"FETÖ’cü ZENGİN" KENDİNİ İHBAR EDENİ SÖYLEYENE 500 BİN DOLAR VERECEKMİŞ

DEDİKODU 
 

"FETÖ’cü ZENGİN" KENDİNİ İHBAR EDENİ SÖYLEYENE 500 BİN DOLAR VERECEKMİŞ
 

Biliyorsunuz 15 Temmuz dinci faşist darbe kalkışmasına yeltenen FETÖ'cülerle ilişki olduğu belirtilen on binlerce kişi tutuklu, haklarında davalar açıldı, yüz binin üzerinde kişi ise kamu kurumlarından uzaklaştırıldı.
Tutuklu olan FETÖ'cülerden bazıları her nasılsa bir bahane bulup serbest kalıyorlar.
Elbette hepsi hakkındaki davalar devam ediyor, tamamına yakınında yurtdışı yasakları da bulunuyor.
Avantajları, herkes mahkemesi için duruşma gününü hapishanede beklerken bunlar evlerinde oturuyor, işlerini güçlerini sürdürüyorlar.
Bu kişilerin ortak özelliği biliyorsunuz “zengin” olmaları. Nedense zengin olanlar tahliye ediliyor ama maddi durumu iyi olmayanlar içerde.
Adliyede bir “FETÖ borsası” kurulduğu söyleniyor, bunu daha önce yazmıştım.
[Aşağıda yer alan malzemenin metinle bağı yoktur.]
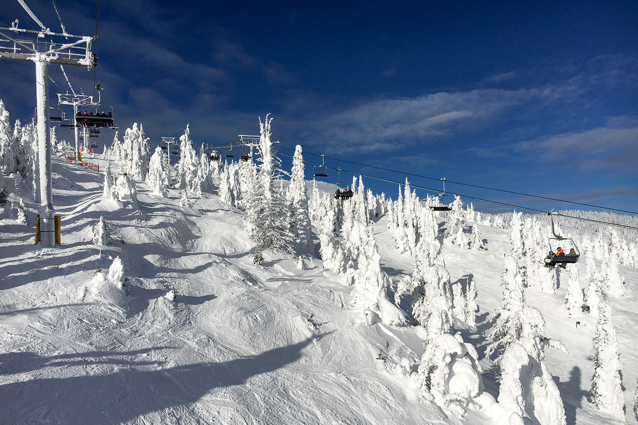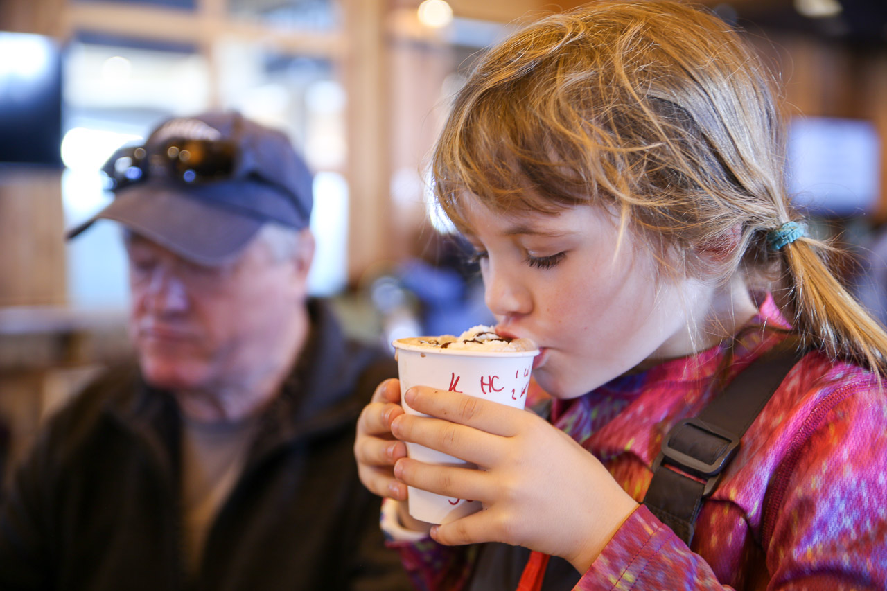 The amount of snow this year wasn’t as high as last year’s record snowfall, but there was still plenty to enjoy! Snow ghosts were abound in their usual perch on the top of the mountain, greeting us as we zip to the top on the lift. The temperature was just right, per usual – some days almost warm enough to ski without a jacket, others a little foggy and cool. I’m pretty sure no matter the weather we were always up for a hot chocolate in the village after a day’s skiing (and perhaps a beer after that).
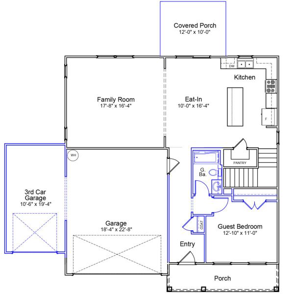 The Russell plan features three bedrooms and two-and-one-half baths, with the ability to expand to five bedrooms and four baths. There is an open flex space off the entry. The kitchen features a large island and pantry, and it’s open to the eat-in area and great room. All bedrooms, plus a large open loft, are located upstairs. The primary bedroom has dual walk-in closets, and the large bathroom features an oversized linen closet and water closet. Both secondary bedrooms have walk-in closets, and the laundry room is conveniently located adjacent to the bedrooms. Options include a downstairs guest suite or office, an upstairs guest suite, a fourth secondary bedroom, and a fourth full bath.

Bir avukat arkadaşım anlatmıştı. Zengin bir FETÖ sanığı hapisten kurtulabilmek için “her türlü fedakârlığı” yapabileceğini bildirip yardım istemiş. Tek derdi “tutuksuz” yargılanmakmış. Yeter ki içerde kalmasın.
İlk duyulduğunda elbette “dedikodu” olarak algılıyor insan. Ama tahliye edilen “zengin FETÖ'cü” sayısına bakınca bu iş dedikodu olmaktan çıkıyor.
Adalet Bakanlığı'nın bu konuyla ilgili bir inceleme yapıp yapmadığını sormuştum. 14 yıldır hiçbir şeye cevap vermedikleri gibi buna da cevap vermediler tahmin edeceğiniz gibi.
Şimdi size yeni duyduğum bir “dedikoduyu” aktarmak istiyorum.
Ankara'da “Çukurambar” diye bir semt var. Benim “Ankaralı” olduğum dönemlerde böyle bir semt hiç yoktu. Dağ başı gibi bir yerde. Oysa şimdi Ankara'nın hem en “lüks” hem de en “önemli” yeri olmuş.
İktidarla birlikte kotarılan işler hep bu Çukurambar denilen semtteki ofislerde, evlerde gerçekleşiyormuş.
Ergenekon ve Balyoz kumpaslarının da düzenlendiği ofisler Çukurambar'daydı.
İşte “FETÖ borsasının” da merkezinin burada olduğu ileri sürülüyor.
Parası olan ünlü isimlerden biri tahliye olduktan sonra Çukurambar'daki bu ofislerden birinde adeta çadır kurmuş.
Bu zenginin derdi şuymuş; “Beni ihbar edeni bulun, onunla kendim hesaplaşacağım.”
Bu zengin FETÖ sanığı ihbarcısının bulunması için de tam 500 bin dolar ödül vaat etmiş.
İhbarcıyı kim bilir?
Ya polis ya da savcılar.
Bu durumda zengin FETÖ'cümüz paraya tamah edecek ve ihbarcının adını verecek bir polis ya da savcı arıyor demektir.
Haydi hayırlısı bakalım.

 

BUNU YAZMAK GEREK
 

BORSA ve DÖVİZDEKİ İYİLİK EKONOMİNİN İYİ OLDUĞU ANLAMINA GELMİYOR
 

Son haftalarda borsa ve döviz piyasalarında “iyileşmeler” gözleniyor.
Borsa hayli yükseldi.
Döviz fiyatları ise çılgınlık dönemini bitirdi, bir yılın en düşük noktasına geriledi.
Bunlar doğru mu? Doğru.
Peki, bunlar ekonominin de iyileştiğini gösterir mi?
Orası tartışmalı işte.
Ekonomi uzmanı değilim. Ancak ekonomiyi bilenlere çok danışırım. İyi bir ekonomistle sohbet ederken akıl yürütmem, dikkatlice dinlerim ve çok soru sorarım.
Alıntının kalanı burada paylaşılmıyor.